Data entries
□ □ □ □ □ □ □
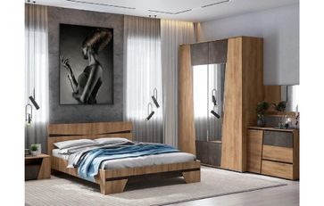 Модульная спальня Соренто — комплект мебели в скандинавском стиле, выполненный в теплом декоре Дуб Крафт в сочетании с Темным бетоном. Материал — ЛДСП. В составе комплекта: •кровать (1674х2074х800) сп.место 160х200, ортопедическое основание; •тумбы прикроватные, 2шт. комплект (502х370х346); •комод (1002х418х75); •зеркало; •шкаф 4-х створчатый (1800х546х2235) 2 штанги, 8 полок. Матрас для кровати приобретается дополнительно. None Страна производства: Россия Есть доставка.
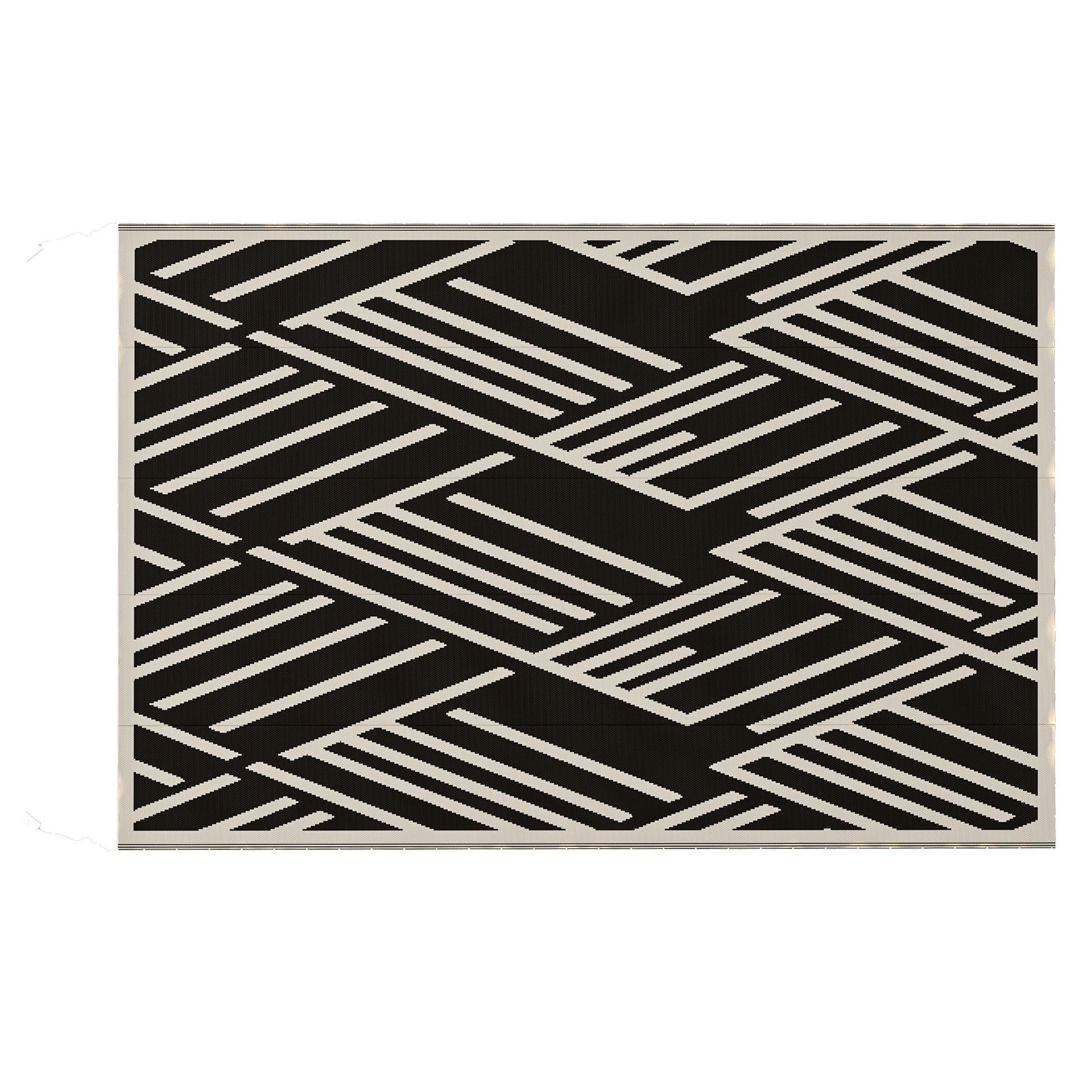 Plastic Straw Reversible RV Outdoor Rug with LED String Light, 182 x 274cm, Black and Coffee
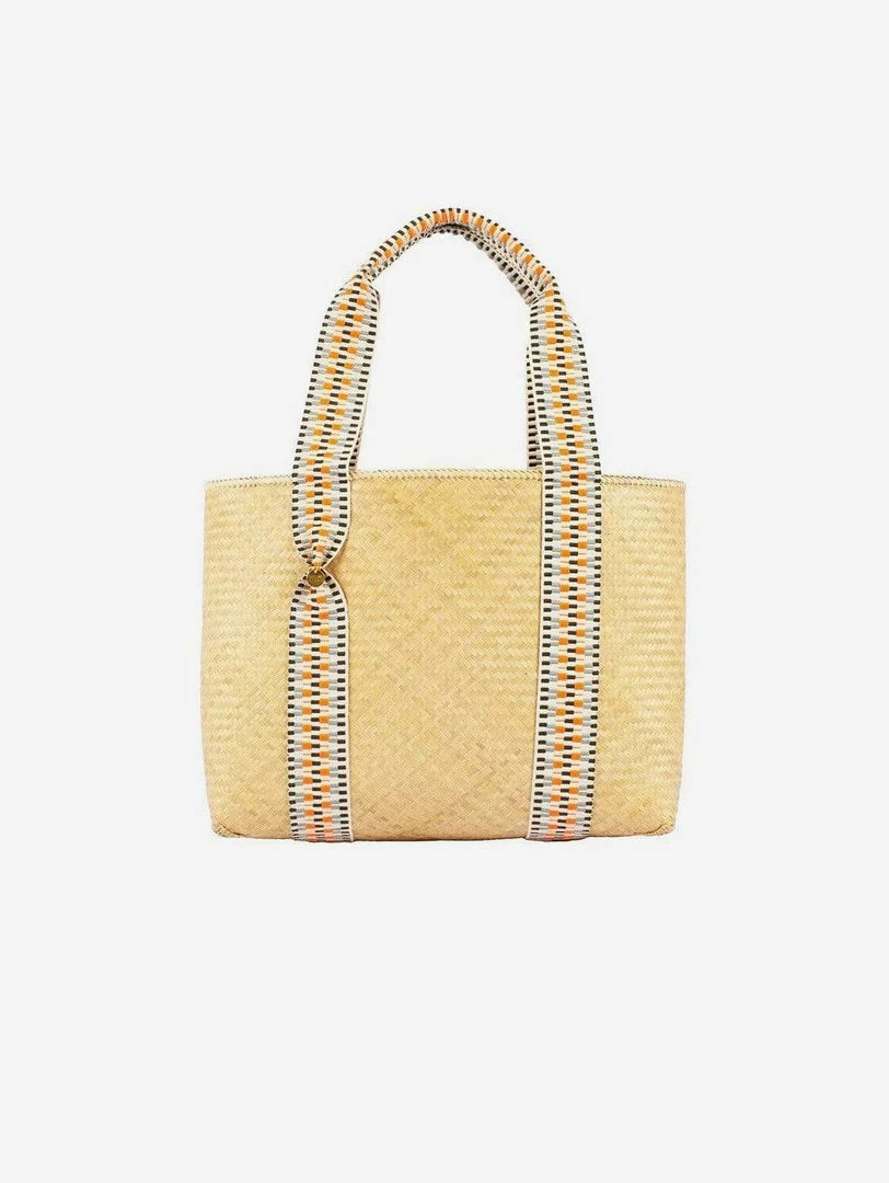 This vegan bamboo tote bag is a contemporary take on a summer favourite. Robust and lightweight in equal measure, it is handcrafted using traditional Lombokian weaving skills, offset with contemporary jacquard straps. Sling the bag over your shoulder for trips to the market and beach alike.
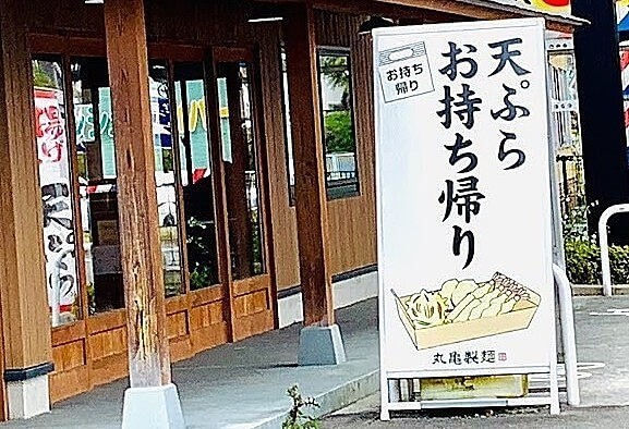 画像を見ていただいたらもうお気づきかと思いますが、うどん・ごはんのトッピングやおかずとして大人気の、揚げたて天ぷらが持ち帰りできるんです!こんなに大きくお店が推しているなんて!これは、初めて利用する人にとっても心強いですね。
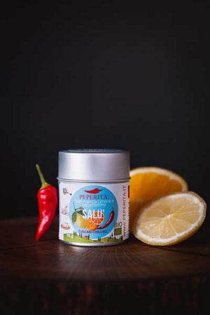 Unser medium scharfes Gewürzsalz mit frischer Orange, Zitrone und Cayenne Chili (30.000 - 50.000 Scoville) ist eine harmonische Kombination aus fruchtiger Frische und angenehmer Schärfe. Die Zitrusnoten von Orange und Zitrone verleihen dem Salz eine erfrischende Note, während die Cayenne Chili eine gute Schärfe beisteuert.
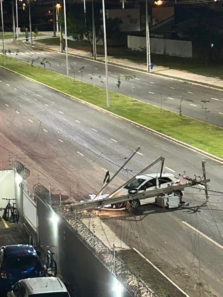Um motorista perdeu o controle do veículo e colidiu em um poste de energia na Avenida LO-09, em Palmas. O acidente aconteceu na madrugada desta segunda-feira (20), e por causa da batida cerca de 3,2 mil clientes ficaram sem energia elétrica e parte da pista está interditada.
□ □ □ □ □ □ □
■ EXERCISE GOAL
Both the line containing "This vegan bamboo" and the line containing "画像を見ていただいたらもうお" above belong in the output, as do the lines between them. Print them exactly, without pictures.

■ SOLUTION FOR THIS PROBLEM
 This vegan bamboo tote bag is a contemporary take on a summer favourite. Robust and lightweight in equal measure, it is handcrafted using traditional Lombokian weaving skills, offset with contemporary jacquard straps. Sling the bag over your shoulder for trips to the market and beach alike.
 画像を見ていただいたらもうお気づきかと思いますが、うどん・ごはんのトッピングやおかずとして大人気の、揚げたて天ぷらが持ち帰りできるんです!こんなに大きくお店が推しているなんて!これは、初めて利用する人にとっても心強いですね。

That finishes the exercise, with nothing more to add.